Project 5 - Part 2
1.
I first imported all the necessary libraries and read the city_persons.csv file as a data frame. Then I dropped all the null values and converted values from “age” and “edu” columns to integers. Variable “wealthC” is selected as the target and stored in y. All other variables are selected as features and stored in X.
2.
For K-nearest neighbors classification method without adding a distance weight, at optimal k value of 67, the testing score is 0.5485602733040508. All the training and testing scores at range (50, 80) are shown the on plot below. For K-nearest neighbors classification method after adding a distance weight, at optimal k value of 83, the testing score is 0.4978038067349927. It seems that adding a distance weight even reduces the testing score. All the training and testing scores at range (70, 85) are shown on the plot below.
3.
For the logistic regression model, the training score is 0.5465494791666666 and the testing score is 0.5558809175207419. Compared K-nearest neighbors classification method, the accuracy improves slightly and the overfitting problem of KNN no longer exists for logistic regression model.
4.
For the random forest model without standardization:
When number of estimators = 100, the training score is 0.7962239583333334, and testing score is 0.4904831625183016.
When number of estimators = 500, the training score is 0.7962239583333334, and testing score is 0.488530990727184.
When number of estimators = 1000, the training score is 0.7962239583333334, and testing score is 0.49097120546608103.
When number of estimators = 5000, the training score is 0.7962239583333334, and testing score is 0.49194729136163984.
Generally, all the models produce similar result, but the specification of 5000 estimators returns the highest accuracy. From a range of (20, 30) for minimum number of samples to split, the number of 22 returns the best results with testing score at 0.5461200585651538.
For the random forest model after standardization:
When number of estimators = 100, the training score is 0.7962239583333334, and testing score is 0.49487554904831627.
When number of estimators = 500, the training score is 0.7962239583333334, and testing score is 0.4958516349438751.
When number of estimators = 1000, the training score is 0.7962239583333334, and testing score is 0.4997559785261103.
When number of estimators = 5000, the training score is 0.7962239583333334, and testing score is 0.4997559785261103.
5.
After recoding the wealth classes 2 and 3 into a single outcome, I tested all the previous models.
For K-nearest neighbors classification method without adding a distance weight, at optimal k value of 77, the testing score is 0.5514885309907271. All the training and testing scores at range (50, 80) are shown on the plot below.
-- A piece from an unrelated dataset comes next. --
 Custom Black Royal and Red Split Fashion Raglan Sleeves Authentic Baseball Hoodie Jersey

For K-nearest neighbors classification method after adding a distance weight, at optimal k value of 83, the testing score is 0.5217179111761835. It seems that adding a distance weight reduces the testing score again. All the training and testing scores at range (70, 85) are shown on the plot below.
For the logistic regression model, the training score is 0.5465494791666666 and the testing score is 0.5627135187896535. Compared K-nearest neighbors classification method, the accuracy of logistic regression model also improves slightly this time .
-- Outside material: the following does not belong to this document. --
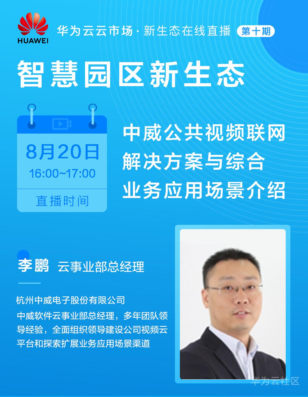 8月20日,中威电子云事业部总经理李鹏将在华为云云市场直播间中为大家带来一场精彩的主题分享——《携手AI视频云,共创行业价值》,欢迎广大朋友届时前来观看直播,一同探讨目前AI视频云商业契机和解决方案!
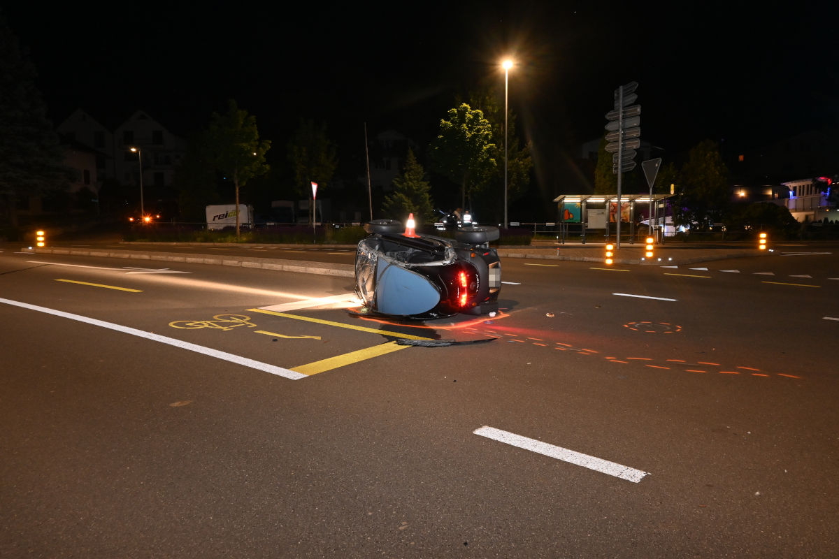 Das Kleinmotorfahrzeug kippte beim Unfall auf die Seite. (Bildquelle: Landespolizei Fürstentum Liechtenstein)

For the random forest model without standardization:
When number of estimators = 100, the training score is 0.7906901041666666, and testing score is 0.49633967789165445.
When number of estimators = 500, the training score is 0.7906901041666666, and testing score is 0.49389946315275746.
When number of estimators = 1000, the training score is 0.7906901041666666, and testing score is 0.4997559785261103.
When number of estimators = 5000, the training score is 0.7906901041666666, and testing score is 0.4958516349438751.
Generally, all the models produce similar result, but the specification of 1000 estimators returns the highest accuracy. From a range of (20, 30) for minimum number of samples to split, the number of 28 returns the best results with testing score at 0.5441678867740362.
For the random forest model after standardization:
When number of estimators = 100, the training score is 0.79296875, and testing score is 0.5017081503172279.
When number of estimators = 500, the training score is 0.79296875, and testing score is 0.5061005368472425.
When number of estimators = 1000, the training score is 0.79296875, and testing score is 0.513909224011713.
When number of estimators = 5000, the training score is 0.79296875, and testing score is 0.5080527086383602.
Recoding the wealth classes 2 and 3 into a single outcome does not change the testing accuracy significantly, but for all models, the testing accuracy increases slightly. Since classes 2 has considerably less observations than all other classes, aggregating it with class 3 may lead to more balanced class numbers, which may improves the model to some degrees.
6.
Despite of the fact that all the models produce similar testing accuracy, the logistic regression model after recoding classes 2 and 3 into a single one produces the best testing results of 0.5627135187896535 in predicting wealth of all persons throughout the large West African capital city being described. All three models improve slightly after the recoding while the logistic regression always produces slightly better result than other two models. It is also the only model without the overfitting problem as it produces similar training and testing scores.